# [Wet Thumb Forum]-Eheim filter placement



## imported_timlawyer (Jul 14, 2003)

What is the optimum placement for the Eheim cannister filters? I know that they should be placed below the water line - but how far below? There is increased water flow on the intake by placing farther below the water line -but isn't that offset by the decreased water flow on the output by making the pump have to push the water higher?
Any thoughts?


----------



## imported_timlawyer (Jul 14, 2003)

What is the optimum placement for the Eheim cannister filters? I know that they should be placed below the water line - but how far below? There is increased water flow on the intake by placing farther below the water line -but isn't that offset by the decreased water flow on the output by making the pump have to push the water higher?
Any thoughts?


----------



## gpodio (Feb 4, 2004)

That sounds right to me, the pressure of the water going down would balance out the head pressure going back up meaning that if the canister is primed correctly, head pressure should be of little importance.

Giancarlo Podio


----------



## imported_timlawyer (Jul 14, 2003)

So if I had a choice between placing the filter 1 foot below the water line or 3 feet below the water line - which should I do?


----------



## anonapersona (Mar 11, 2004)

There is a maximum height allowed because when the filter is off, there is a full column of water pressing against the seals of the cansiter. If that height is too much the gaskets may leak.


----------



## nino (Oct 2, 2004)

Sorry but I have to disagree. They don't offset each other completely. If you buy an external water pump, many come with a chart and the gph will drop as they are placed further down. Look here : http://www.drsfostersmith.com/product/add_info.cfm?pCatId=4614

The intake/input is assisted by gravity (syphon effect) and the output works against gravity. If they cancel each other out totally, you don't need a pump. The water will just syphon down to the canister and go back up to the tank (assuming there is no media).


----------



## Alex (Mar 31, 2004)

If you have a choice, 1 foot would be better. Less strain on the pump and a little more flow.

Alex


----------



## gpodio (Feb 4, 2004)

> quote:
> 
> Originally posted by ninob:
> Sorry but I have to disagree. They don't offset each other completely. If you buy an external water pump, many come with a chart and the gph will drop as they are placed further down. Look here : http://www.drsfostersmith.com/product/add_info.cfm?pCatId=4614


Head height is always stated because most of these pumps are not used in closed circuits, rather in open sumps and refugiums where they have no back pressure at all to help them get the water back up to the tank. In a closed loop, overall pressure is the only concern as anonapersona pointed out.



> quote:
> 
> The intake/input is assisted by gravity (syphon effect) and the output works against gravity. If they cancel each other out totally, you don't need a pump. The water will just syphon down to the canister and go back up to the tank (assuming there is no media).

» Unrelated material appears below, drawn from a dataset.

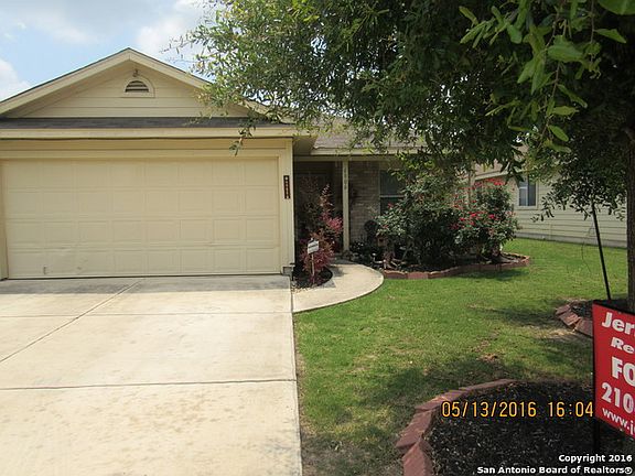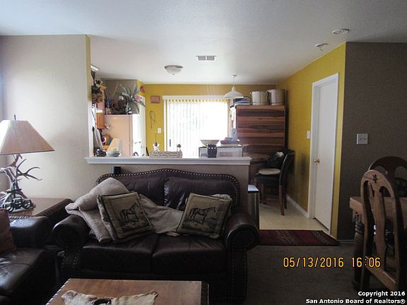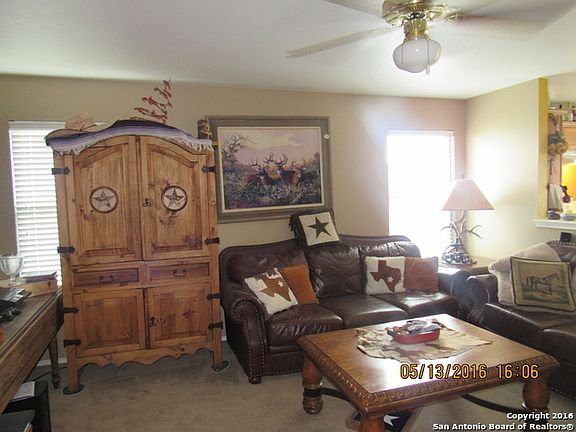 NICE EIGHT YEAR OLD HOME LESS THAN FIVE MILES FROM LACKLAND AFB, WILFORD HALL, AND MEDINA BASE. STOVE, REFRIGERATOR, DISHWASHER, GARBAGE DISPOSAL, AND WINDOW DRESSINGS REMAIN.PRIVACY FENCED BACK YARD. TENANT ON A MONTH TO MONTH LEASE.TENANT HAS BIG FURNITURE FOR THE SIZE OF HOUSE. THE POTTED PLANTS AND WOODEN PLANTERS IN BACK YARD DO NOT REMAIN.

No it would just stay still as both would cancel eachother out. If head pressure was indeed an issue in closed loops, when you turn the pump off the water would automatically flow backwards. The pump has to obviously work against any obstruction or restriction such as filter media, bends and accessories. That's also why some quality canisters have a larger intake tube than output to avoid negative pressure inside the canister, specially if the pump is situated after the media.

Giancarlo Podio


----------



## nino (Oct 2, 2004)

Good point but are you saying that it doesn't make any difference whether you place a canister 10 feet under the tank compare to 1 foot under?


----------